Emergency: 0861 222 250 info@orchidrisk.co.za

South Africa remains vulnerable to cyberwarfare, despite a plan to protect the country against threats to its national security and commercial capability being put into motion almost eight years ago.

Cyberattacks have increased at a rapid rate, especially since the onset of the Covid-19 pandemic, which left many businesses vulnerable to incidents as work moved from secure offices and servers to homes.

The private sector isn’t the only target of global cybercriminals. South Africa’s state-owned rail, port, and pipeline company, Transnet, became a victim of a ransomware attack in 2021. The country’s justice department was also targeted later that same year. These attacks, focused on South Africa’s critical infrastructure, are expected to increase in frequency and veracity, according to technology experts.

Government approved the National Cybersecurity Policy Framework (NCPF) in 2012, making it official through a gazette three years later. This was developed “to ensure a focussed and an all-embracing safety and security response in respect of the cybersecurity environment.” The NCPF deals, among other cyber threats, explicitly with the issue of cyberwarfare.

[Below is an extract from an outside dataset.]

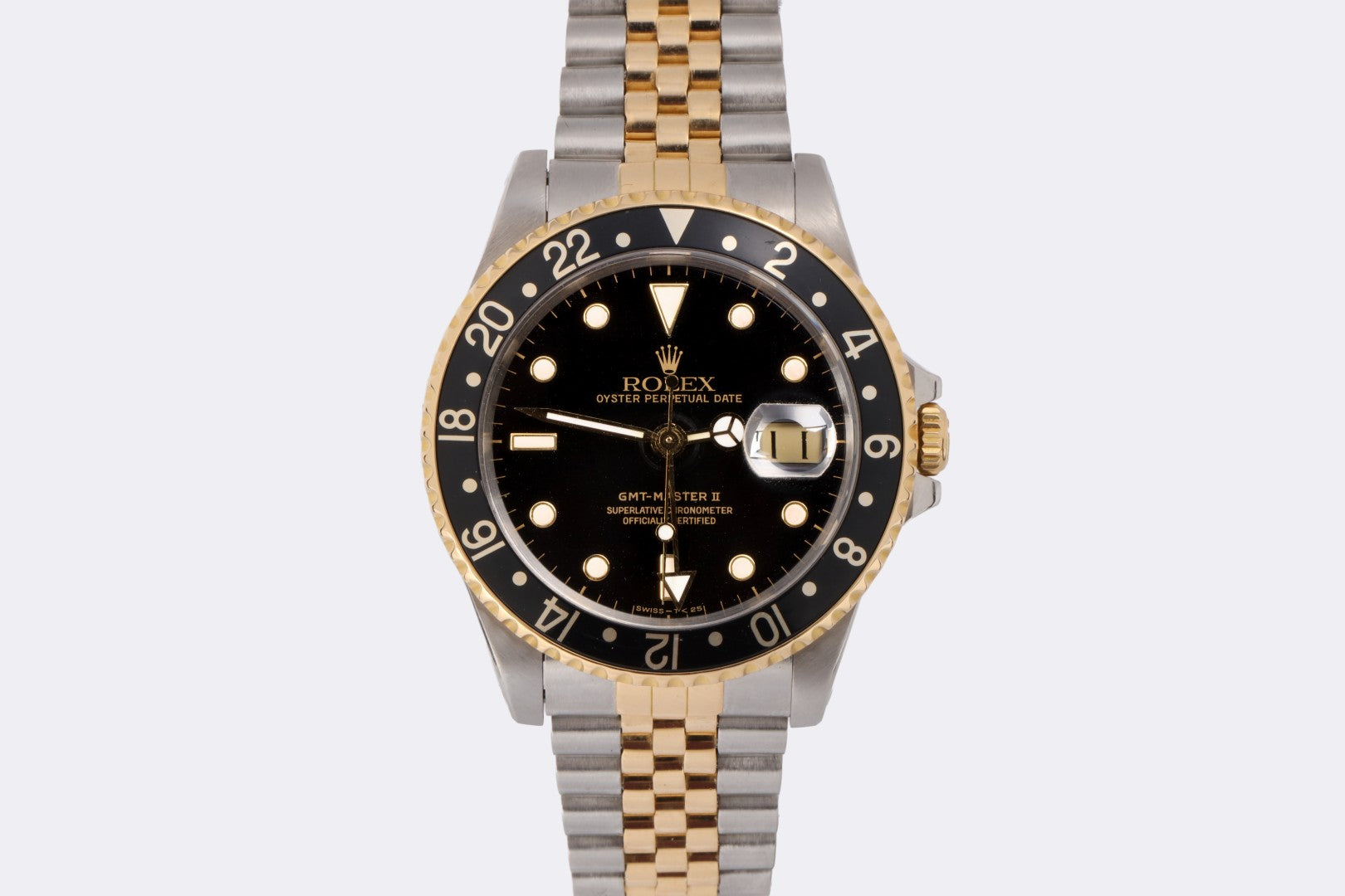 Rolex GMT-Master II 16713 Stainless Steel & 18k Yellow Gold 40mm Black Dial Watch (1989)

“In order to protect its interests in the event of a cyber-war, a cyber defence capacity has to be built,” notes the NCPF.

“The department of defence and military veterans has overall responsibility for coordination, accountability, and implementation of cyber defence measures in the Republic as an integral part of its National defence mandate.”

It’s taken almost eight years for the department of defence (DOD) to finalise its Cyber Defence Strategy, and, during a recent parliamentary portfolio committee meeting, serious red flags were raised about the South African National Defence Force’s (SANDF) progress and preparedness.

Under the mandate of the NCPF, the DOD must create a unified Cyber Command aimed at protecting the National Critical Information Infrastructure (NCII). To do this, the SANDF must staff the Cyber Command, sign partnerships to obtain training, benchmarking standards, and technology transfers, and develop its overarching strategy.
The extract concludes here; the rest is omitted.